The Bill does not say whether or not the money in the Guardian’s Fund will form part of the funds of the Office and be available to meet the Office’s day to day expenses. The Bill should make it absolutely clear that the Guardian’s Fund, as a trust fund, cannot be used for that purpose.
Powers of the Board and the Minister
· Control of the Office: The Board will be responsible for determining the policies and principles under which the Office is administered and supervised yet the Minister will retain power under section 132 of the Act to make regulations for the management and good conduct of the Master’s Office – and he will be able to make these regulations without even consulting the Board. If this anomaly is left uncorrected it will cause confusion and conflict.

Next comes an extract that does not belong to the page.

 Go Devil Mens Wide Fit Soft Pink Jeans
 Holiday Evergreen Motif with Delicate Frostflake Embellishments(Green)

· Staff of the Office: The Office’s staff will be appointed by the Board, as pointed out earlier, and the conditions of their employment will be fixed by the Board. Yet clause 4 of the Bill will give the Minister untrammelled power to make regulations, without reference to the Board, fixing the conditions of service of members and employees of the Office. This anomaly will also have to be corrected.
Membership of the Board
According to a new section 4A(2) which clause 3 of the Bill will insert in the Act, a minimum of “at least three or four” of the members of the Board must be women. This is nonsense, of course: the minimum number of women must be either three or four, but it can’t be both. In any event, since there are to be nine Board members and, according to section 17 of the Constitution, at least half of them should be women, the correct number is “four”.

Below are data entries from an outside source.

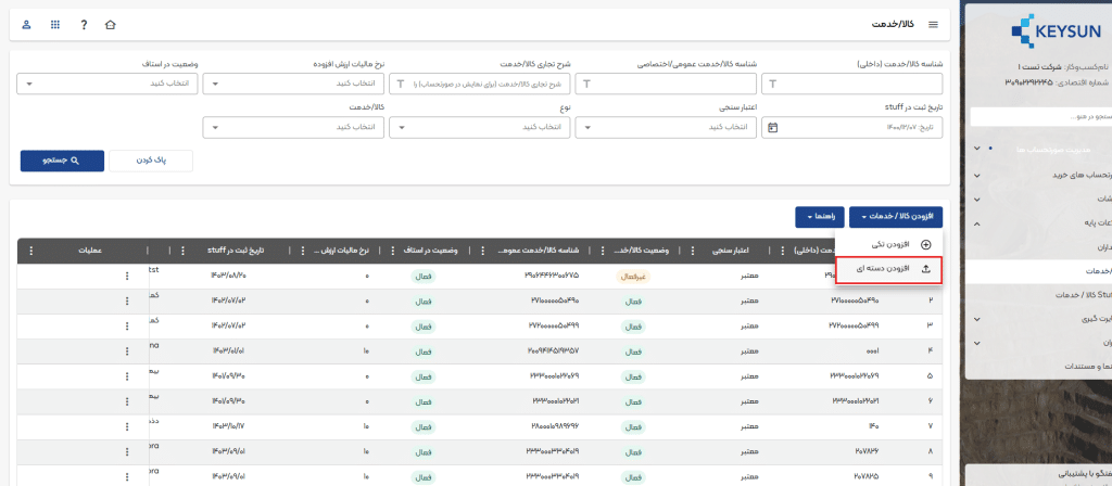 نحوه ثبت کالا/خدمت دستهای در حساب کاربری کیسان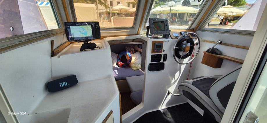 Na brodu je sve od opreme sto vam je potrebno za boravak na moru. Auto pilot,ploter ,fishfinder, minn kota 36A, mini kuhinja, tuš na krmi, kamena paluba.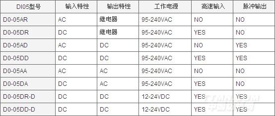 DL05系統(tǒng)PLC的I/O點數(shù)相同,為8如/6出,其外形尺寸也相同; 根據(jù)其I/O電氣特性的不同,目前可提供以下幾種型號的DL05PLC:

Amendment of Sovereign Wealth Fund Act
The very last clause of the Bill is numbered clause 6 (though there is another, earlier, clause with the same number). It will repeal section 22 of the Sovereign Wealth Fund of Zimbabwe Act. There is no conceivable reason why it should do that, and the clause is not mentioned in the Bill’s memorandum. Probably it was inserted in error. If so, it must be removed from the Bill.
Further Amendments to the Act Needed
The amendments we have outlined above are the only ones the Bill will make to the Administration of Estates Act. This is unfortunate because the Act is an old one – it dates from 1907 – and the opportunity should have been taken to overhaul it completely. But even in the absence of such an overhaul there are a few further amendments that should be made now:
Amendment of definitions
The definitions of “Assistant Master” and “Master” in section 2 of the Act need to be amended in the light of the new provisions which the Bill will insert in the Act.
The Guardian’s Fund
Section 108 of the Act states that the books of the Guardian’s Fund must be examined by an “examiner” appointed by the Minister. This seems to be an old-fashioned way of providing for an audit of the Fund’s financial statements and records. Section 108 should be updated to require the Fund to be audited annually by a qualified public auditor or by the Auditor-General.
Minister’s power to make regulations
As we have already noted, the Minister’s power to make regulations for the Master’s Office and its staff needs to be aligned with the powers the Board will be given by the Bill.
General Comments
As we have indicated, the Bill raises questions which cannot be answered in the absence of detailed explanations from the Minister. In order to assess the Bill properly, Members of Parliament will need to know, for example, precisely how the public will benefit from turning the Office into a parastatal, what the Office’s projected income and expenditure will be, and how any shortfalls in its revenues will be made good. It would be helpful too if the Minister were to indicate what consultations his Ministry engaged in before preparing the Bill, and what comments were submitted by interested parties such as the Law Society of Zimbabwe and the Council of Estate Administrators.